Fast boot on or off seems to make no difference. I have been wondering if changing to a Samsung B-die based kit but it would have to be guaranteed b-die. I would have to work out if it's worth it to fix what's just an annoyance now my existing kit is running as fast as I want it to.




Assimilator said:


> It's definitely memory training, AKA your CPU not being happy with something about your RAM.
> 
> Stupid question, you *have* updated to the latest BIOS for your board, right? Also, I assume you have 2x 8GB sticks? Please update your system specs with that info.
> 
> ...



Yes, I have the newest BIOS for my motherboard. I did get it stable at 3200 first, then I tried it at 3000 to see if the post issue would go away, then I tried 3400 settings and now 3600 settings are working. The post goes the same at all of those speeds with the setting from the calculator.

The only downside of 3600 is the CPU runs hotter at the faster RAM speed with the CPU still at stock which must be something like the increased voltages such as the soc voltage etc are higher in the 3600 settings. My ambition was to have the memory at 3400 so I may use that as my daily driver speed for the lower CPU temp.


----------



## Maxson (May 21, 2020)

Is there a time limit on editing my own posts? I wanted to edit and clarify my previous reply which I did in a bit of a hurry but I can't see an edit button.

Edit: Yes there must be a time limit.

I could try some good samsung b-die instead but it might not make any difference.  I could change to an X570 board but that doesn't seem that guaranteed either. If I'm changing board maybe I should wait for Ryzen 4000 and X670 and RAM designed for it or something like that.

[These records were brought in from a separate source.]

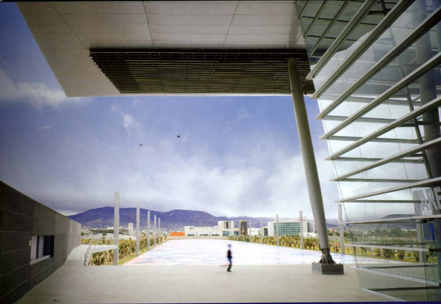
From left to right, from above to below: Principal façade detail, main façade, concert hall. Right: View to the mural plaza.
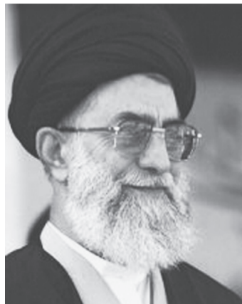
Ayatollah Ali Khamenei, supreme leader of the Islamic Republic of Iran

During the past 34 years, the Islamic Republic of Iran has confronted many adversaries and plots, including eight years of an imposed war. The Islamic Republic of Iran has always sought international cooperation, and extended its friendship to all nations by emphasizing the mutuality of interests and noninterference in the internal affairs of other countries. "Détente" is the main agenda of our foreign policy, and in order to approach this policy the Islamic Republic of Iran has tried from its inception to give priority to confidence-building through the exchange of visits and the holding of international gatherings. Nowadays, the Islamic Repub-
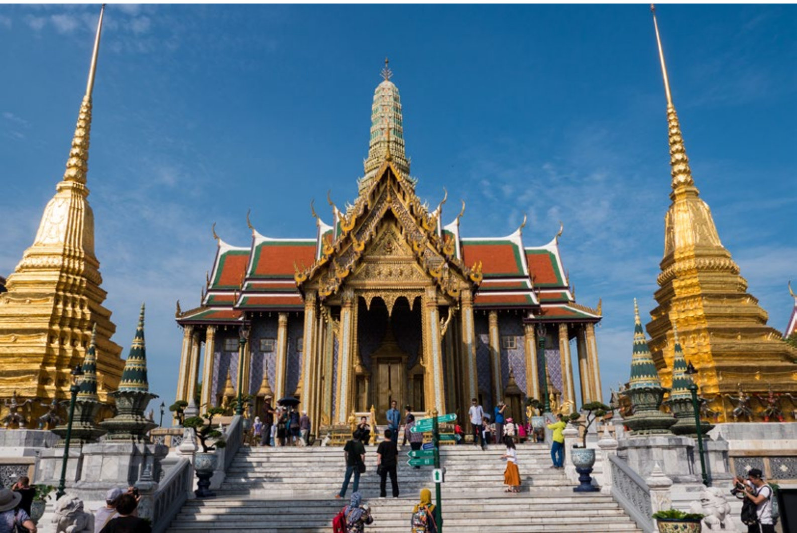
Wat Phra Kaew, Grand Palace

Gai ping (ไก่ปิ้ง) - 10 THB ($0.28) per stick - Street food cart grilled chicken skewers for dinner
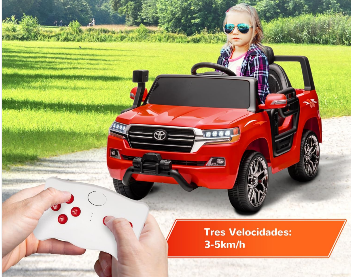
Image: Child driving the red electric car while an adult uses the remote control. The image highlights the dual control options and the three adjustable speeds (3-5 km/h).

So it doesn't look like there is a setting or combination of BIOS settings that can fix this 8 seconds of GPU fan whine.


----------



## tabascosauz (May 21, 2020)

Maxson said:


> Is there a time limit on editing my own posts? I wanted to edit and clarify my previous reply which I did in a bit of a hurry but I can't see an edit button.
> 
> Edit: Yes there must be a time limit.
> 
> ...



There's a memtesthelper DDR4 OC guide for both Intel and Ryzen 3000 platforms. There's a lot of advice in there on what to do with specific subtimings, which ones make a difference, and the tweaking rules that they follow. Give it a shot and see if it results in better boot times for you.

It may or may not make a difference. Ryzen DRAM calc is not the holy grail of DDR4; it only makes general, often flawed or broken recommendations, and the subtimings can be laughably off even in the Fast presets. For example, the old CJR DJR preset before 1.7.0 disobeyed the tRAS rule and added an unnecessary performance and latency penalty for no reason.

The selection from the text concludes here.